斉の桃花扇――悲劇の王への道

           

               

 夜の長城にふわりと、かつての面影が舞い降りた。香桜は視線を靜かに上げ、透けた遥媛を見つめた。眼の前で、遥媛は丁寧にお辞儀をした。

 ――天帝龍仙一香。遥媛は、一足早く、華仙界に戻ります。

 それだけ残して、香桜を取り巻いて、一筋の風になった。小さな光が一緒に舞い踊っている。遥媛を追いかけては、一緒に抱かれようとする。風が気がついて、止まった。

 確かに子供を抱き、空に消えて行った。


「天女が人間の子を宿すなんて。しばらく修行しな、遥媛。遠き未来にまた逢おう」

 香桜の呟きもまた、涙を含んで、長城に消えた。



               10



 一方趙の姫傑は、秦から戻り、すぐに秦と楚に間諜を放っていた。

「なんだと? もう一度、はっきり言ってみろ!」

報告を黙って聞いていたが、耐えきれなくなり、口調を荒くした。

秦の間諜が、宴から褒姫が消えた事実を告げた。褒姫は一時的にだが咸陽におり、その後は、煙の如く消えたという。

 後悔で、涙が溢れた。だが、側近は、王が泣く行為を快くは思わない。泣き止めと言い聞かせても、涙が止まらない。

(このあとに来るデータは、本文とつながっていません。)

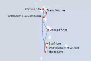 Itinerário : Pointe a pitre, Anses d'Arlet, Tobago Cays, , Soufriere, Port Elisabeth st vincent, Portsmouth ( La Dominique) , Maria Galante, Pointe a pitre
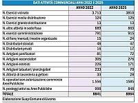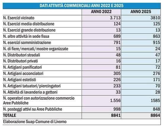 "I dati ufficiali dell'ufficio Suap (Sportello Unico per le Attività produttive) sono chiari, Livorno sul fronte delle attività commerciali attive in città è in controtendenza con il resto delle grandi città toscane e italiane. - dichiara il sindaco - Nel 2022 le attività aperte erano 8841 nel 2025 dopo 4 anni il numero di realtà aperte è di 8864. Un +23 che ci dice chiaramente che siamo di fronte ad un quadro di sostanziale tenuta del tessuto commerciale se non addirittura di incremento".

〝この方、感情が爆発すると、落ち着くまで時間が掛かるのです〟


(うるせえ、褒姫。その通りだ、くそっ)


ふと、柔らかい手が姫傑に載せられ、姫傑は涙を止めた。


「泣くな、あんた。今や太子でなくて、王なんだろが」


 腹違いの妹姫であり、愛姫の西蘭だ。気が強いところが、褒姫に似ている。細腰宮を持ち、なかなか性戯もレベルが高く、愉しませてくれるお気に入りの姫だ。

ここぞと言うときに強い発言をするので、重要会議の発言も認められている。

白龍公主の皇族虐殺の中で、生き残った兄妹だった。字を申(しん)西蘭(せいらん)・申(しん)孟(もう)黎(れい)という。

「あんたが、やらなきゃなんないんだよ。太子姫傑。大丈夫、兄の孟黎も力を貸す。兄は分かってるさ。あたしが後宮に居座ってりゃ兄は動くよ。秦と大決戦、やらかそうよ。見て? 釵、似合うだろ?」

 ね? と優しい微笑みに、鼻を啜り、姫傑が立ち上がった。


「いや、まだ早ぇ。まずは、斉を潰す! 海に沈めたらぁ!」


 噂では、海匈奴に媚びを売り、大好きな花街を差し出し、身の安全を確保した斉の王。


 太子であった斉梁諱の離宮は、朽ち果てているという。大切な場所を踏みにじった恨みは、返してやろう。



 その後、姫傑は不眠不休で軍を編制し、四十万の兵力で、斉の王城を陥落させた。



(斉梁諱、褒姫の恨みは、俺が秦王に必ず思い知らせてやる! 咸陽に兵力百二十万を投入して、てめえの大切なモン、全部ごっそり奪い尽くしてな!)


 隣の美姫の手を掴んだ。ぱち、と大きな瞳が姫傑を映していた。


「仕方ない男だねぇ。また、抱いててやるよ」


 姫傑は西蘭を絶えず傍に置き、作戦を練り、斉にて大暴走とも言える水攻めを繰り広げた。斉を沈め、花街を遷し、王の首を捥ぎ取った原動力が、たった二人への鎮魂の意だと、知る者はいなかった。

香桜により、姫傑もまた、悲劇の王への道を選ばされたのだった。